--- What the exercise asks ---
In this exercise, print only the lines from the line with "The Orlík boat" to the last line of the data below, inclusive. Any pictures should be left out.

--- Task inputs ---

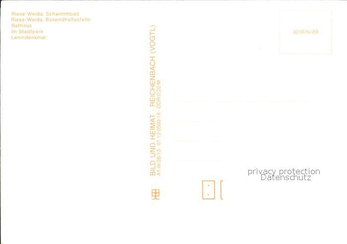 72261779 Riesa Sachsen Weida Schwimmbad Bushaltestelle Rathaus Stadtpark Lenindenkmal postalisch nicht gelaufen Erhaltung siehe scans KatCode: 11110014285250
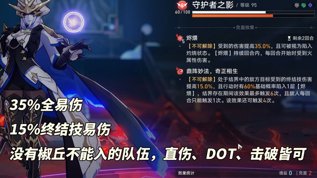 从易伤适用性角度来看,椒丘可入任意队伍,直伤、DOT、击破皆可,易伤都属于有效增益。
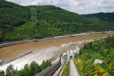 The Orlík boat lift traverses an elevation of 70 meters using a 277-meter-long rail track system across the Vltava River.
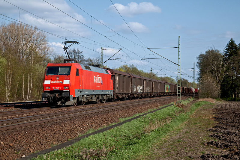 | Einen schweren gemischten Güterzug brachte die 152 105-3 nach Kiel-Meimersdorf. Halstenbek, 17. April 2011 |
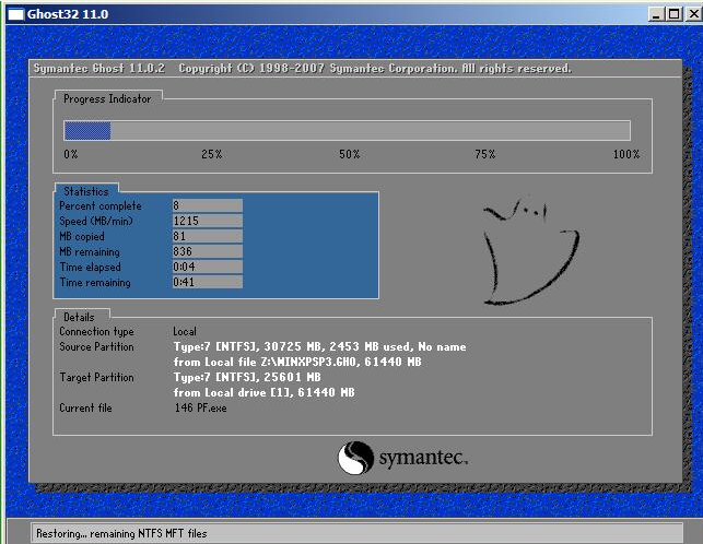 4、開始進行還原操作 ,此過程大約需要2-3分鐘的時間,完成后電腦將會重啟。
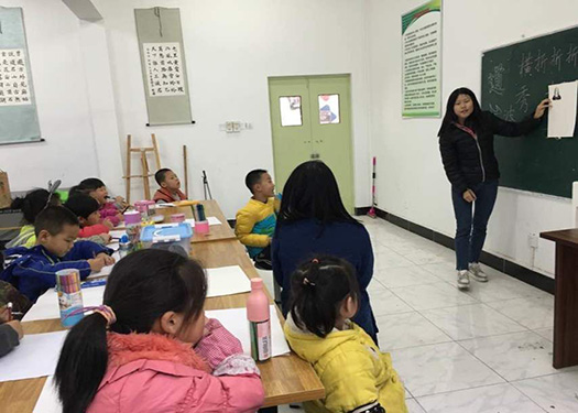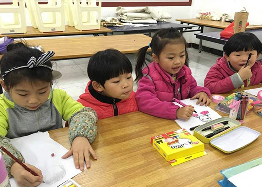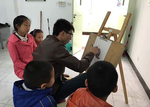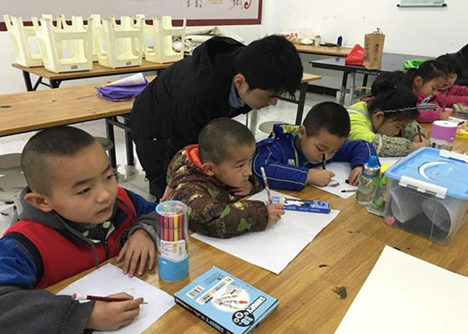 在志愿者与活动中心负责人详细沟通并制定教学计划后,志愿者做好了充分准备,便开始上课。在志愿者的带领下,小朋友们有条不紊的准备画画所需的工具,并且手把手教小朋友削铅笔/裱纸等。整个气氛其乐融融,为深秋增添了一丝暖意。工具准备完毕,志愿者小老师在画板上详细的示范作画并深入讲解,小朋友们心无旁骛地观看听讲,时不时提出问题,老师也一一耐心解答。冷风习习的秋天阻挡不了小朋友们一颗颗炽热好学的心,他们专注的目光让旁听的人为之动容。
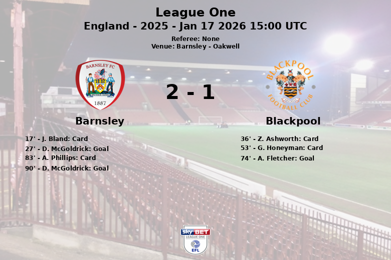 Barnsley vs Blackpool Jan 17 2026 15:00 UTC
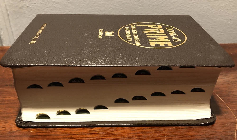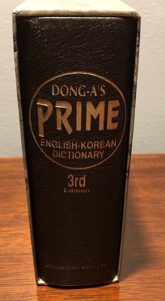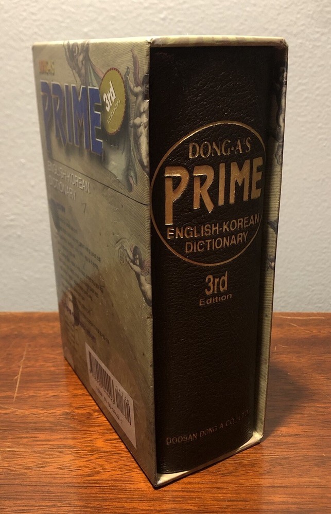 Dong-A’s Prime English-Korean Dictionary 3rd Ed. 1993. Bonded leather cover in slipcase. No writing, inscriptions or folded pages. Please see photos of this very good preowned volume. Ships from smoke...
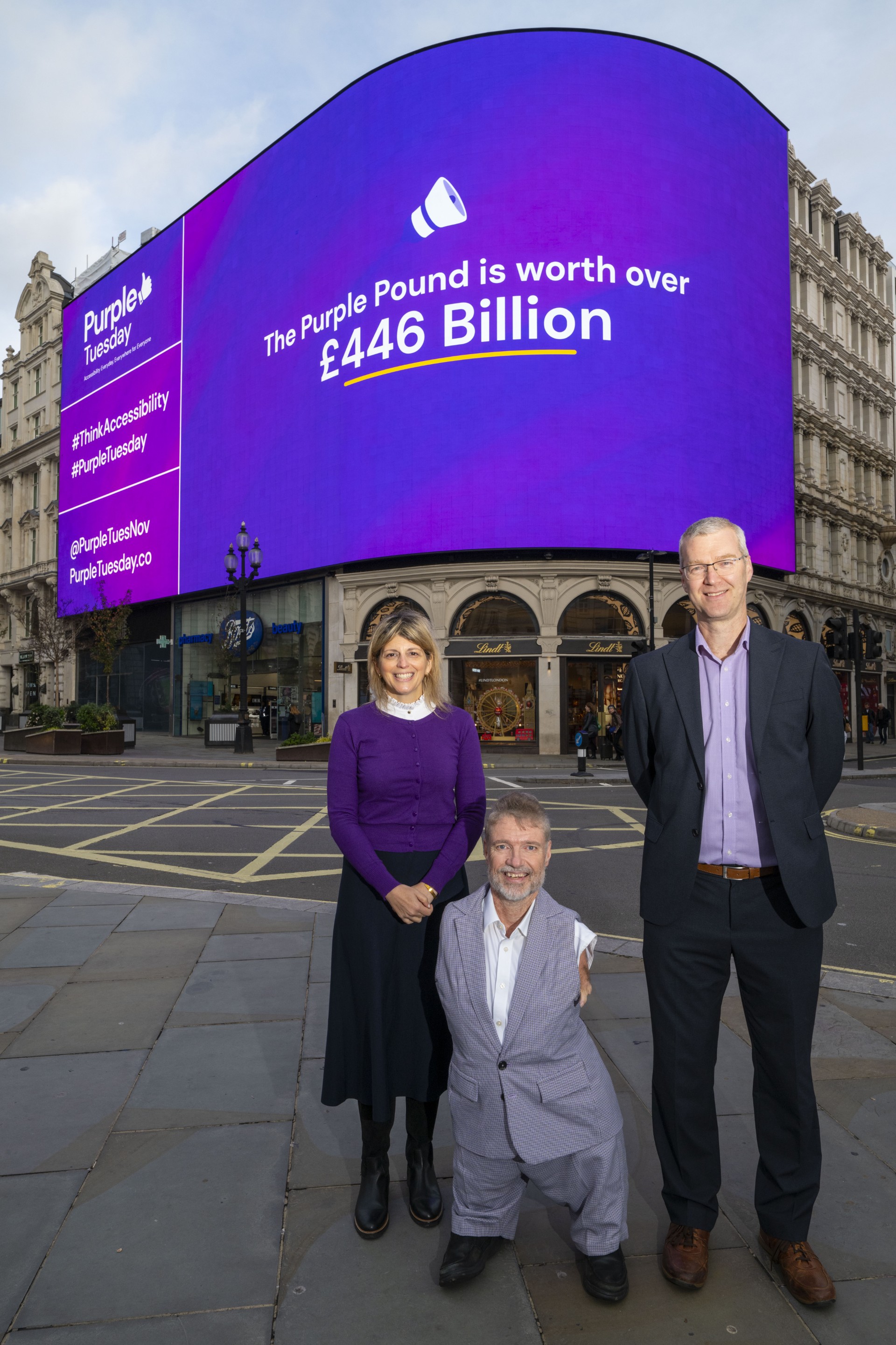 To mark the ‘mauve’ moment on behalf of Boots and No7 Beauty Company, Jamie Kerruish, Chief Healthcare Officer and Executive Sponsor of the Boots Group DisAbility Alliance Business Resource Group (BRG), headed to Piccadilly Circus to take part in Purple’s annual light switch on.
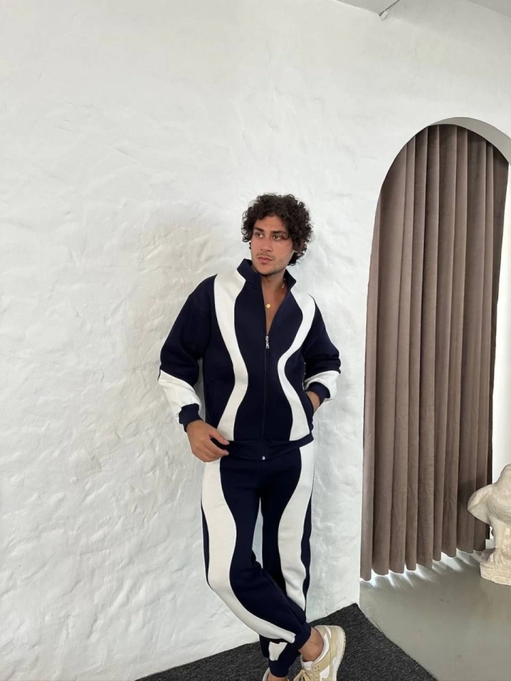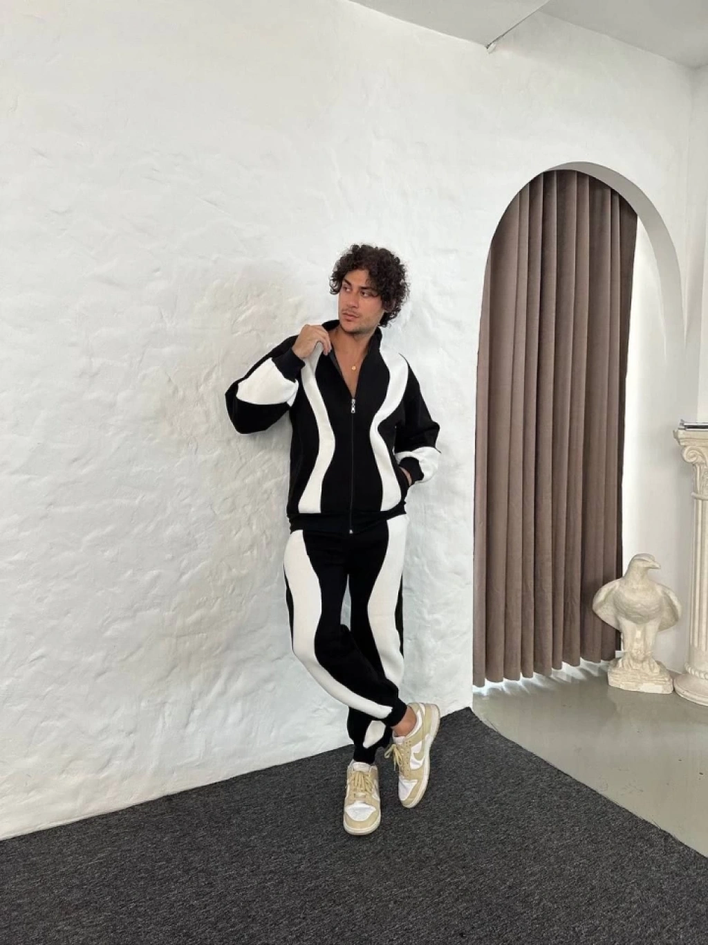 Erkek Premium Parçalı Eşofman Takım Dik Yaka Fermuarlı weatshirt, iyah

--- Exercise result ---
 The Orlík boat lift traverses an elevation of 70 meters using a 277-meter-long rail track system across the Vltava River.
 | Einen schweren gemischten Güterzug brachte die 152 105-3 nach Kiel-Meimersdorf. Halstenbek, 17. April 2011 |
 4、開始進行還原操作 ,此過程大約需要2-3分鐘的時間,完成后電腦將會重啟。
 在志愿者与活动中心负责人详细沟通并制定教学计划后,志愿者做好了充分准备,便开始上课。在志愿者的带领下,小朋友们有条不紊的准备画画所需的工具,并且手把手教小朋友削铅笔/裱纸等。整个气氛其乐融融,为深秋增添了一丝暖意。工具准备完毕,志愿者小老师在画板上详细的示范作画并深入讲解,小朋友们心无旁骛地观看听讲,时不时提出问题,老师也一一耐心解答。冷风习习的秋天阻挡不了小朋友们一颗颗炽热好学的心,他们专注的目光让旁听的人为之动容。
 Barnsley vs Blackpool Jan 17 2026 15:00 UTC
 Dong-A’s Prime English-Korean Dictionary 3rd Ed. 1993. Bonded leather cover in slipcase. No writing, inscriptions or folded pages. Please see photos of this very good preowned volume. Ships from smoke...
 To mark the ‘mauve’ moment on behalf of Boots and No7 Beauty Company, Jamie Kerruish, Chief Healthcare Officer and Executive Sponsor of the Boots Group DisAbility Alliance Business Resource Group (BRG), headed to Piccadilly Circus to take part in Purple’s annual light switch on.
 Erkek Premium Parçalı Eşofman Takım Dik Yaka Fermuarlı weatshirt, iyah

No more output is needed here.